CorrectIncorrectHint
The most likely underlying condition for this lady in this question is hereditary haemorrhagic telangiectasia (HHT), also known as Osler-Weber-Rendu syndrome. This is a rare genetic disorder that causes abnormal blood vessel formation in various parts of the body, leading to bleeding episodes. The small red areas on her lips are called telangiectasias, which are dilated capillaries that can bleed easily. The history of her father having a bowel problem may also suggest a familial tendency for hereditary haemorrhagic telangiectasia (HHT), as the condition can affect the gastrointestinal tract and cause rectal bleeding.
_x000D_
The inheritance pattern of hereditary haemorrhagic telangiectasia (HHT) is D. Autosomal dominant. This means that a person only needs to inherit one copy of the mutated gene from either parent to have the condition. The chance of passing the gene to each child is 50%, regardless of the child’s sex.
_x000D_
Rectal bleeding is a common symptom that can have many different causes, ranging from benign to serious. Some of the common causes of rectal bleeding include haemorrhoids, anal fissures, diverticulosis, inflammatory bowel disease, and colorectal cancer. However, in this case, this lady has some features that suggest a rare and specific cause of rectal bleeding: hereditary haemorrhagic telangiectasia (HHT).
_x000D_
Hereditary haemorrhagic telangiectasia (HHT) is a genetic disorder that affects the development and function of blood vessels in various parts of the body, such as the skin, mucous membranes, lungs, liver, brain, and gastrointestinal tract. People with hereditary haemorrhagic telangiectasia (HHT) have abnormal blood vessels that are fragile and prone to bleeding, resulting in episodes of haemorrhage that can be mild or life-threatening. The most common sites of bleeding are the nose and the gastrointestinal tract, but bleeding can occur anywhere in the body.
_x000D_
The lady has two signs that are characteristic of hereditary haemorrhagic telangiectasia (HHT): telangiectasias and a family history of bowel problems. Telangiectasias are small, red, spider-like lesions that are caused by dilated capillaries near the surface of the skin or mucous membranes. They are usually found on the face, lips, tongue, mouth, fingers, and chest, but can also occur in other areas. They are painless and harmless, but can bleed easily when injured or irritated. This lady has telangiectasias on her lips, which disappear on pressure before refilling, indicating that they are vascular lesions.
_x000D_
The lady also reports that her father had a bowel problem, which may indicate that he also had hereditary haemorrhagic telangiectasia (HHT) and suffered from gastrointestinal bleeding. Gastrointestinal bleeding is the second most common manifestation of hereditary haemorrhagic telangiectasia (HHT), affecting about 25% to 30% of patients. The bleeding can occur anywhere along the gastrointestinal tract, from the oesophagus to the anus, but is more common in the stomach and small intestine. The bleeding can be intermittent or chronic, and can range from mild to severe, depending on the size and location of the abnormal blood vessels.
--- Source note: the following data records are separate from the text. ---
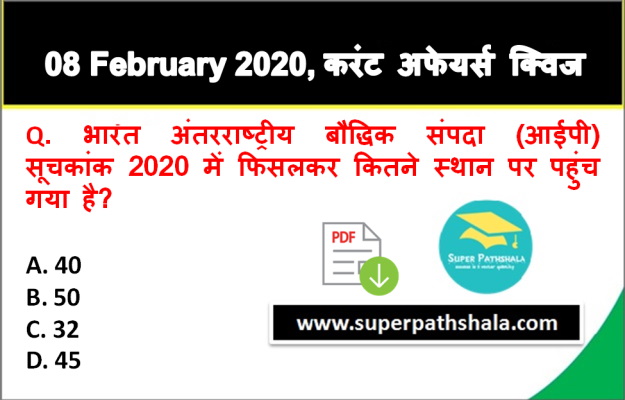 Ans: 40 विवरण: यह जानकारी अमेरिकी चैंबर आफ कॉमर्स के ग्लोबल इनोवेशन पॉलिसी सेंटर की रिपोर्ट में दी गई है. इस सूचकांक में दुनिया की 53 अर्थव्यवस्थाओं में बौद्धिक संपदा परिवेश का आकलन किया जाता है. पिछले साल भारत 50 देशों की इस सूची में 36वें स्थान पर था. बौद्धिक संपदा के मामले में शीर्ष पांच देशों में अमेरिका, ब्रिटेन, स्वीडन, फ्रांस और जर्मनी पिछले साल के अनुरूप कायम हैं. |
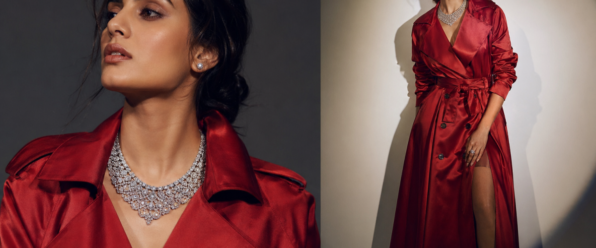 For the first cover, Priyanka wore a red silk-satin trench dress from Givenchy — a bold, architectural piece that commands attention. The ensemble features wide notch lapel collars, a deep V neckline, a drop shoulder design, full-length bell sleeves, a front slit, and a matching ribbon tie at the waist. Side pockets add a touch of insouciant elegance to an otherwise dramatic silhouette.
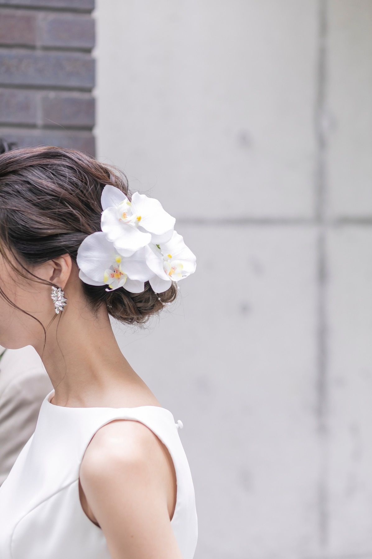 友人が作ってくれたものを使用しました。ウェディングドレスでは胡蝶蘭とヘッドドレスを合わせ、カラードレスではドレスに合わせた色の花を散りばめました。
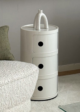 콤포니빌리 수납장Componibili는 카르텔의 베스트셀러이자, 1967년 처음 출시 이후 지금까지 카르텔을 대표하는 클래식 아이템으로 자리잡았습니다. 수납 문제를 해결하기 위한 안나 카스텔리만의 창의적인 접근법이 돋보이는 제품입니다.
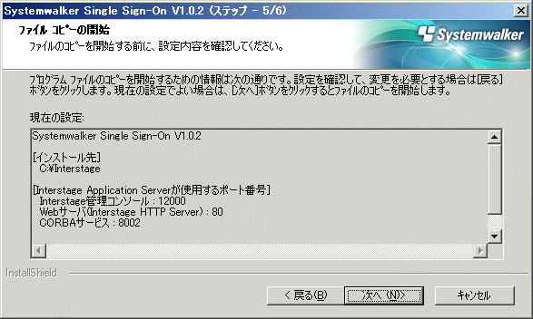 =========================================================================== Systemwalker シングル・サインオンサーバ セットアップ V1.0.2 All Rights Reserved, Copyright(c) FUJITSU LIMITED 1995 - 2011 =========================================================================== << ポート番号の指定 >> Interstage管理コンソール : 12001 Webサーバ(Interstage HTTP Server) : 8080 CORBAサービス : 8003 ---------------------------------------------------------------------------- 上記の設定を変更しますか?(初期値: n ) [y,n,?,q] ==> n
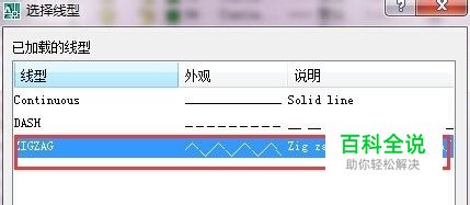 之后你会发现这个线型被加载了,然后点击这个虚线,点击确定,如图所示
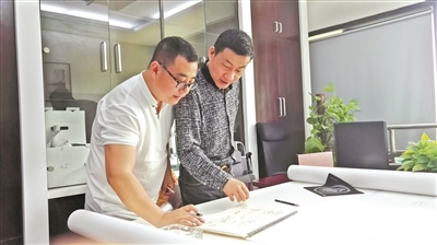 赵晔(右)和画家在讨论(采访对象提供)
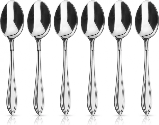 Praktiškas šešių šaukštelių rinkinys, papildysiantis bet kurį stalo komplektą ir suteiksiantis stalui iškilmingumo. Blizgi apdaila atrodo elegantiškai, o universalus dizainas tinka tiek klasikinėms, tiek modernioms servizų linijoms. Idealu patiekti kavai, arbatai ir desertams.
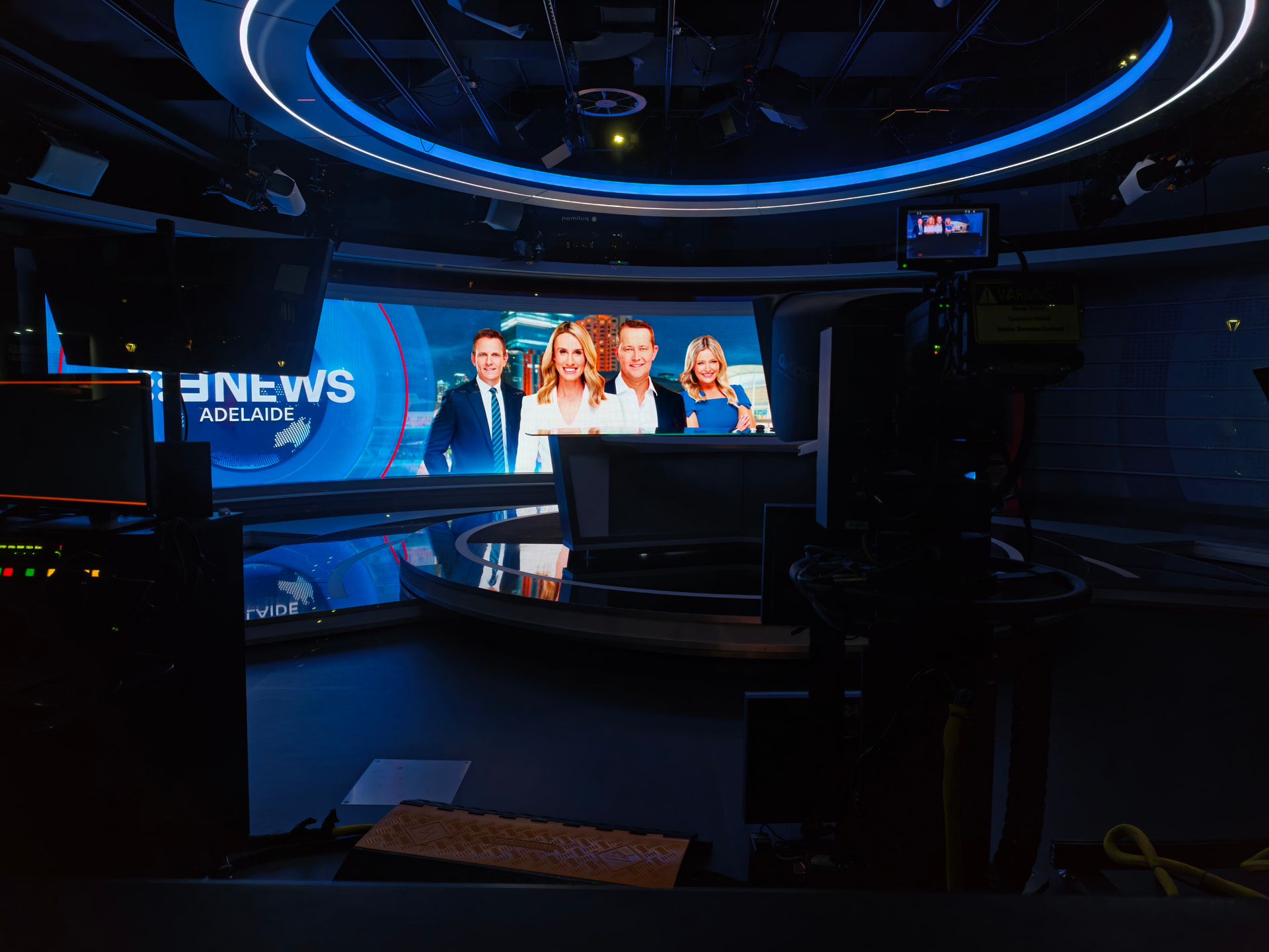 Walked past the 9 News Adelaide studio this evening. Fascinating seeing how small the studio actually is. A very casual Will McDonald in the new weekend team picture.

The lady describes a cupful of fresh red blood present in the toilet following defecation, which suggests a significant amount of bleeding from the lower gastrointestinal tract.
_x000D_
The inheritance pattern of hereditary haemorrhagic telangiectasia (HHT) is autosomal dominant, which means that a person only needs to inherit one copy of the mutated gene from either parent to have the condition. There are at least five genes that have been identified to cause hereditary haemorrhagic telangiectasia (HHT), and each gene is responsible for a different type of hereditary haemorrhagic telangiectasia (HHT). The most common types are HHT1 and HHT2, which are caused by mutations in the genes ENG and ACVRL1, respectively. The chance of passing the gene to each child is 50%, regardless of the child’s sex. Therefore, the lady has a 50% chance of inheriting the gene from her father, and a 50% chance of passing it to her children.
_x000D_
The other inheritance patterns are not consistent with hereditary haemorrhagic telangiectasia (HHT). Autosomal recessive means that a person needs to inherit two copies of the mutated gene, one from each parent, to have the condition. Mitochondrial means that the gene is inherited from the mother only, as the mitochondria are the organelles that contain their own DNA and are passed down from the egg cell. X-linked recessive means that the gene is located on the X chromosome, and males are more likely to have the condition than females, as males only have one X chromosome. X-linked dominant means that the gene is located on the X chromosome, and females are more likely to have the condition than males, as females have two X chromosomes.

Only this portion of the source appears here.